New Indianapolis inn of court bringing IP bar, bench together

September 26, 2018

The central Indiana intellectual property bar will celebrate a significant milestone Wednesday when the Indianapolis Intellectual Property Inn of Court holds its first meeting.

Forming the new IP inn in the Circle City dates back to 2017 when Phil Poirier, a patent attorney at Dow AgroSciences, called Judge Richard Linn of the U.S. Federal Circuit Court of Appeals, who is a champion of intellectual property inns of court. Poirier had clerked for Linn and immediately got the judge’s support.

“I’m really excited about the establishment of the inn,” Poirier said. “I think one of the things I already see, and am looking forward to seeing more of in the future, is how the IP bar and the bench here in Indianapolis will come together to think as a group about issues in our legal practice and to get to know one another better outside our specific environments… .”

Between 80 and 90 members of the Indianapolis IP Inn, along with Chief Judge Jane Magnus-Stinson of the U.S. District Court for the Southern District of Indiana, are expected to attend the inaugural meeting. The event, which will be held at Cummins Indianapolis Distribution Headquarters, will feature introductory remarks by Sharon Barner, general counsel of Cummins, and a presentation of the inn’s charter.

Also, Linn and his colleague on the Federal Circuit Court of Appeals, Judge Jay Plager, will participate in a judges’ panel, discussing recent developments in patent litigation. Mark Janis, director of the Center for Intellectual Property Research at Indiana University Maurer School of Law, will moderate.

Prior to their appearance on the panel, Linn and Plager are scheduled to spend Wednesday at Indiana University Maurer School of Law talking to students. For Plager, it will be a kind of homecoming — he was on the law school faculty from 1977 to 1984.

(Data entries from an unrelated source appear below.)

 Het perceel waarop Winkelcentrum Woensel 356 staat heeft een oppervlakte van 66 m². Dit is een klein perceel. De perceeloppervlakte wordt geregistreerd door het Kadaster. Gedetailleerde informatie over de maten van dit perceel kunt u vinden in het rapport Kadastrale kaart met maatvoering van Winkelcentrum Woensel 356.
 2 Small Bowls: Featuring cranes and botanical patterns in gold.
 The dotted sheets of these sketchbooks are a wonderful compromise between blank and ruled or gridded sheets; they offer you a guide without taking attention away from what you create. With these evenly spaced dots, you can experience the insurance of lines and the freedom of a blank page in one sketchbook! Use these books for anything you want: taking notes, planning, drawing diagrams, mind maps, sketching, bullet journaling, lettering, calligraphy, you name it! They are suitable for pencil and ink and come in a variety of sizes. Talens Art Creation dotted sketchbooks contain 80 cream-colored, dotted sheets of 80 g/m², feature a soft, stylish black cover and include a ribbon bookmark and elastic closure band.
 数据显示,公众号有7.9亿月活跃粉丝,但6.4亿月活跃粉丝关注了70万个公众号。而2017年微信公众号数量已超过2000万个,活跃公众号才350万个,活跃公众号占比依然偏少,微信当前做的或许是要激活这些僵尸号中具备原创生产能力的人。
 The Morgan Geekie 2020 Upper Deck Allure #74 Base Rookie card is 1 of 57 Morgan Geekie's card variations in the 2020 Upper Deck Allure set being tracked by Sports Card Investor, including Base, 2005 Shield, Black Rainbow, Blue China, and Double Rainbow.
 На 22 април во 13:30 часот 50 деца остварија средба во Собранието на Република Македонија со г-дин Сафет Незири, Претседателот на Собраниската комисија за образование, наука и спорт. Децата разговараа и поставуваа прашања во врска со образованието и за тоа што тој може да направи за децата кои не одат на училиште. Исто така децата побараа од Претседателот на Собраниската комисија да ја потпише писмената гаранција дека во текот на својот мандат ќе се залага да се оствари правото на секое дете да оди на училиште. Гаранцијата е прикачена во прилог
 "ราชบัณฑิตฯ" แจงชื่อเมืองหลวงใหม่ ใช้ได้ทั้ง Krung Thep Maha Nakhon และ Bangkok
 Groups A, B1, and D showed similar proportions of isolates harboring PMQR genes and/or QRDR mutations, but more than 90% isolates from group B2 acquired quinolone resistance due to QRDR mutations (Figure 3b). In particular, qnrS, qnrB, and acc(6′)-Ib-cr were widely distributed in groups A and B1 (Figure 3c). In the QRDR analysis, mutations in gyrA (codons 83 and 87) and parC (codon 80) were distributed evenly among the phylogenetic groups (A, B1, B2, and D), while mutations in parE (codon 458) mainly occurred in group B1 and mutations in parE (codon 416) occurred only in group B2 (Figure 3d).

Janis noted in additional to bringing IP bench and bar together, the inn will also provide opportunities for younger attorneys to connect and learn from more seasoned practitioners.

In particular, the inn of court tradition includes pupilage groups, which are comprised of lawyers at all levels of experience. The members within each group work together to develop the programs that are presented at the monthly meetings.

Echoing Piorier, Janis anticipates the Inn will build collegiality within the IP bar. He noted when he practiced in the 1980s and 1990s in Indianapolis, the patent community was small and all the lawyers knew one another. But now, as the local IP practice has grown, the attorneys do not have many opportunities network and discuss legal issues.

He is hopeful the new Inn will help bring a return of some of that old camaraderie.